Pressed by time and the long road that still awaits us to reach Kamieskroon, we just buy a couple of sandwiches at a roadside padstal outside the farm and press on. The landscape changes quickly as we head into the dry Northern Cape. We spot the first patches of bright wildflowers, appearing here and there between endless sheep pastures, almost as soon as we cross the border of the Namakwa district municipality. Almost 4 hours after leaving Bergendal, we finally reach Jeanrico Farm. We will sleep here tonight and tomorrow.

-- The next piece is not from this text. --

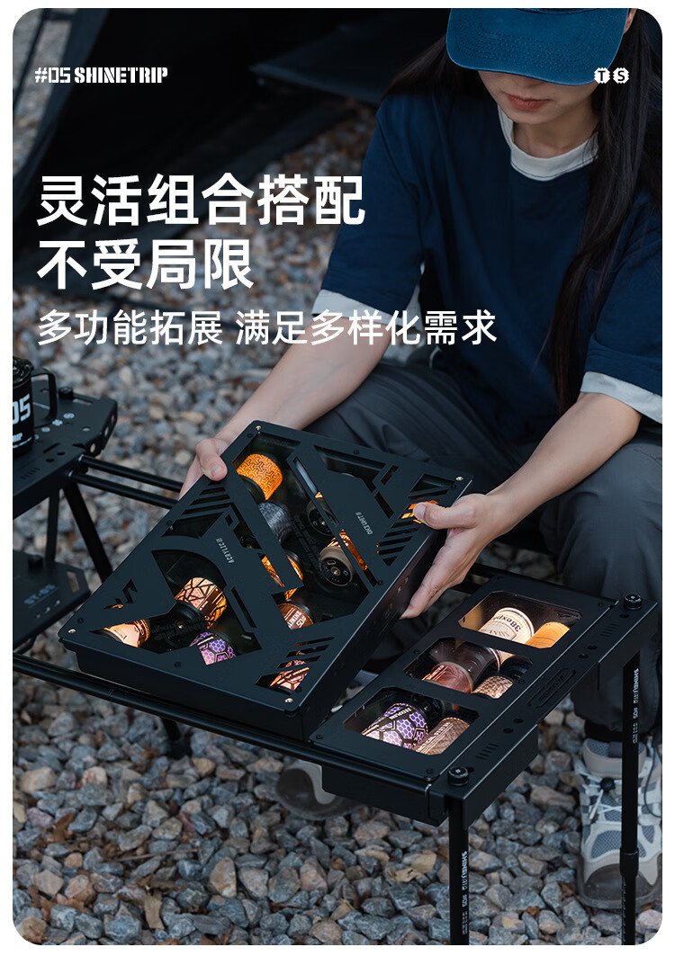 山趣(ShineTrip)户外露营滑板桌多功能便携收纳置物架可折叠IGT单元组合桌子 滑板桌+层板+底板套装-主图款

The farm is simple and our cottage accommodation, though very comfortable, rustic. Nothing can beat location, however, and Jeanrico Farm is better than a postcard. Nestled in a little nook at the foot of gigantic ochre monolithic domes, the farm is quaint and warm, with white-washed walls, an old stone barn and a hospitable stoep overlooking a small dam and unobstructed views of the peaks of the Namakwa National Park in the distance.

The company is even better. Ernest and Stella, our hosts, serve a delicious lamb pie and we chatter at length with the other guests, two older couples. Kobus is a retired forensic auditor who is busy writing a book on cases he has worked, which have sent him to the four corners of the world. Sue and him drove from the coast of KwaZulu Natal to see the flowers! Charl spent 38 years at the SABC, a longevity record that is yet to be broken, and Leanne quickly finds affinity. His wife Jennifer is headed to a lost dorpie further into the Kamiesberg to inspect old rug-weaving looms. She hopes they can get a second lease on life and revive a speck of industrial activity in the region.

Conversation flows easily and we are soon flooded with interesting facts about the region, crusty career anecdotes and, better yet, useful recommendations on the road ahead.